(Materials provided Opens)
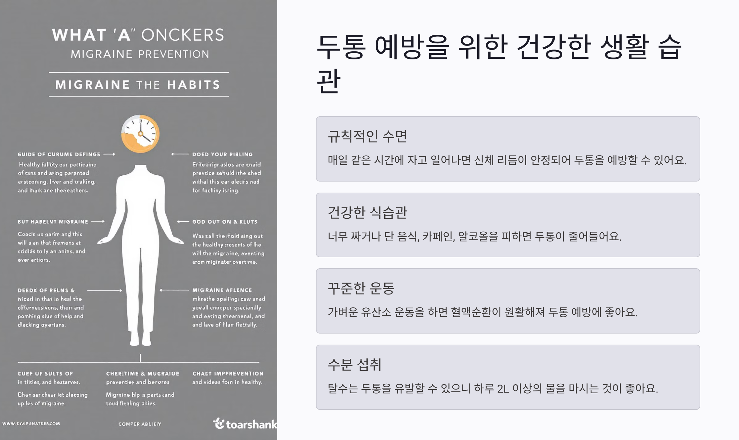 | 규칙적인 수면 | 매일 같은 시간에 자고 일어나면 신체 리듬이 안정되어 두통을 예방할 수 있어요. |
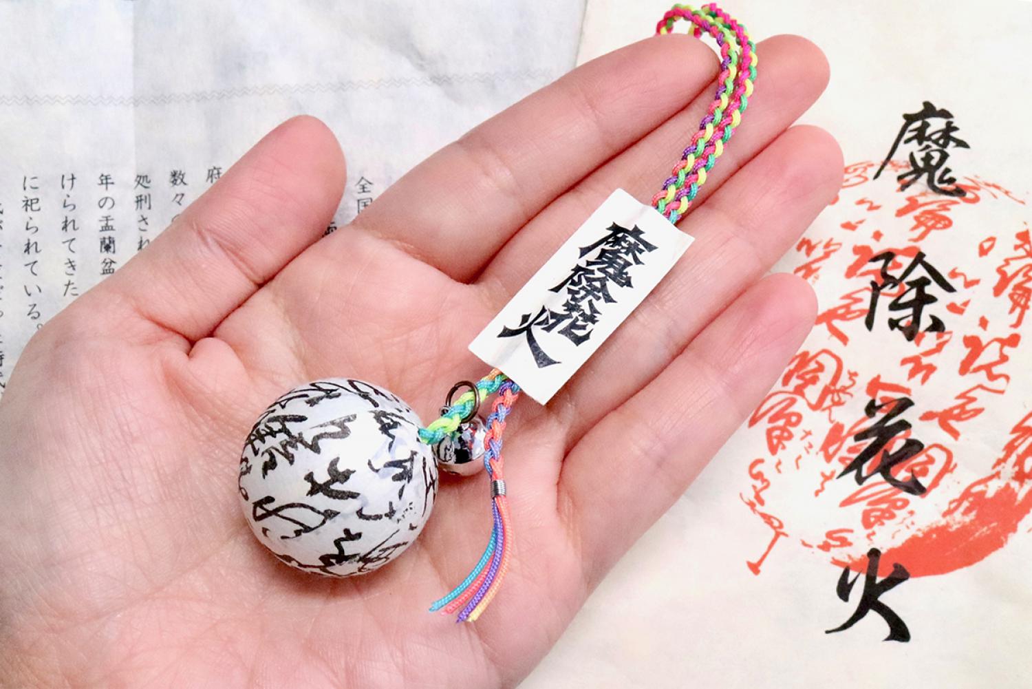 花火の里として知られる浅川町では、魔除けや縁起物として花火の殻を軒下につるす風習がありました。この「魔除花火」のミニ版として近年登場したのが「身に魔除花火(みにまよけはなび)」です。商工会の職員や会員が紐を編んだり古文書を貼り付けたりして手作りしています。お守りとしてカバンやスマホに付けるのにぴったり!
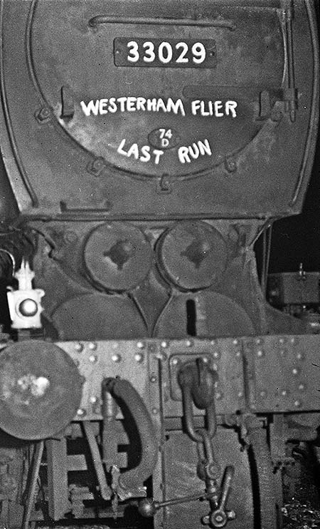 A close-up view of the front of the Bulleid Q1 at Westerham on 28 October 1961. As the type has been given an overview elsewhere, this view is useful for describing other details. Of note is the spelling of 'flier', it having been spelled 'flyer' on the Class H, No.31518. Which spelling is correct is a matter for some debate but 'flyer' is the usual spelling. Either side of 'Westerham Flier' can be seen the two extra brackets required for the Southern Region 6-disc/lamp headcode system. Also visible is the rather pesky bolt-and-clamp system for securing the smokebox door. This system was more familiar on Midland Railway locomotives but a number of Southern Railway classes also used it. On the Q1 class there were three more such fittings around the top of the smokebox door, resulting in an unbalanced appearance. The code 74D indicated Tonbridge shed. BR introduced this system in 1950 and it was based on the existing LMS system and the first number denoted the region, thus all Southern Region shedcodes began with '7'. The system was complex and included other sheds in the district of the main shed which had their own codes as well as 'sub sheds' which used the code of their parent shed. Prior to the introduction of the BR, LMS based, shedcode system a three-letter numeric code was used, with Tonbridge being 'TON' although the shed name was often painted in full on bufferbeams. There was thus a degree of irony when, in 1973, BR abandoned the alpha-numeric system and replaced it with a two-letter system which remains in use today. Shedplates, such as that seen on No.33029, were of cast iron and fixed to the locomotive by means of two bolts. They also appeared on diesel locomotives during the early years of that form of traction and could also appear on diesel multiple units, in this case fixed to the solebar where it usually went unnoticed by the public.
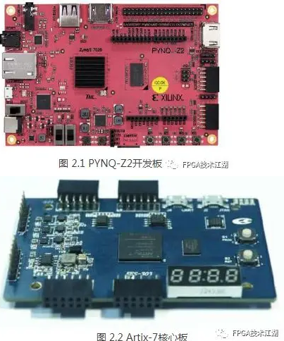 本作品的核心系统疲劳驾驶检测搭载于 XILINX Zynq-7000 系列 PYNQ-Z2 开发板,开发板如图 2.1 所示,其主芯片为 XC7Z020CLG400-1,该芯片为 FPGA+ARM 架构并且可用于 python 开发,同时提供了丰富的 python API 和完 善的硬件设计流程,为较复杂算法的编写及应用提供了新思路。同时使用 Artix-7 核心板为辅助功能模块显示控制中心,如图 2.2 所示。
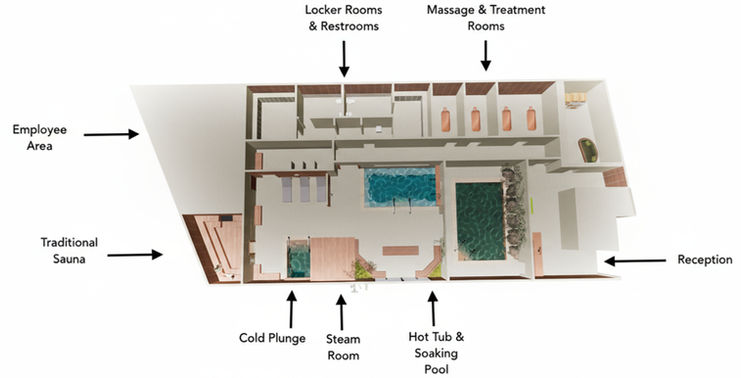 Beyond the baths, Grotto features massage and spa treatment rooms for deeper renewal, as well as lounges and gathering areas where guests can unwind, connect, and spend time together. The communal bathhouse is designed to balance restoration and social connection — a place to soak, sweat, and belong.
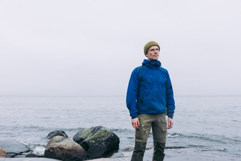 Ulkona rakennuksen edessä seisova henkilö, jolla on yllään punaiset opiskelijahaalarit, jotka ovat koristeltu haalarimerkeillä. Henkilö hymyilee ja katsoo oikealle.
(Materials provided Closes)
The problem
Everything above from the line containing "花火の里として知られる浅川町" down to the line containing "A close-up view" is to be duplicated exactly, both lines included, and the pictures are to be omitted.

Final answer
 花火の里として知られる浅川町では、魔除けや縁起物として花火の殻を軒下につるす風習がありました。この「魔除花火」のミニ版として近年登場したのが「身に魔除花火(みにまよけはなび)」です。商工会の職員や会員が紐を編んだり古文書を貼り付けたりして手作りしています。お守りとしてカバンやスマホに付けるのにぴったり!
 A close-up view of the front of the Bulleid Q1 at Westerham on 28 October 1961. As the type has been given an overview elsewhere, this view is useful for describing other details. Of note is the spelling of 'flier', it having been spelled 'flyer' on the Class H, No.31518. Which spelling is correct is a matter for some debate but 'flyer' is the usual spelling. Either side of 'Westerham Flier' can be seen the two extra brackets required for the Southern Region 6-disc/lamp headcode system. Also visible is the rather pesky bolt-and-clamp system for securing the smokebox door. This system was more familiar on Midland Railway locomotives but a number of Southern Railway classes also used it. On the Q1 class there were three more such fittings around the top of the smokebox door, resulting in an unbalanced appearance. The code 74D indicated Tonbridge shed. BR introduced this system in 1950 and it was based on the existing LMS system and the first number denoted the region, thus all Southern Region shedcodes began with '7'. The system was complex and included other sheds in the district of the main shed which had their own codes as well as 'sub sheds' which used the code of their parent shed. Prior to the introduction of the BR, LMS based, shedcode system a three-letter numeric code was used, with Tonbridge being 'TON' although the shed name was often painted in full on bufferbeams. There was thus a degree of irony when, in 1973, BR abandoned the alpha-numeric system and replaced it with a two-letter system which remains in use today. Shedplates, such as that seen on No.33029, were of cast iron and fixed to the locomotive by means of two bolts. They also appeared on diesel locomotives during the early years of that form of traction and could also appear on diesel multiple units, in this case fixed to the solebar where it usually went unnoticed by the public.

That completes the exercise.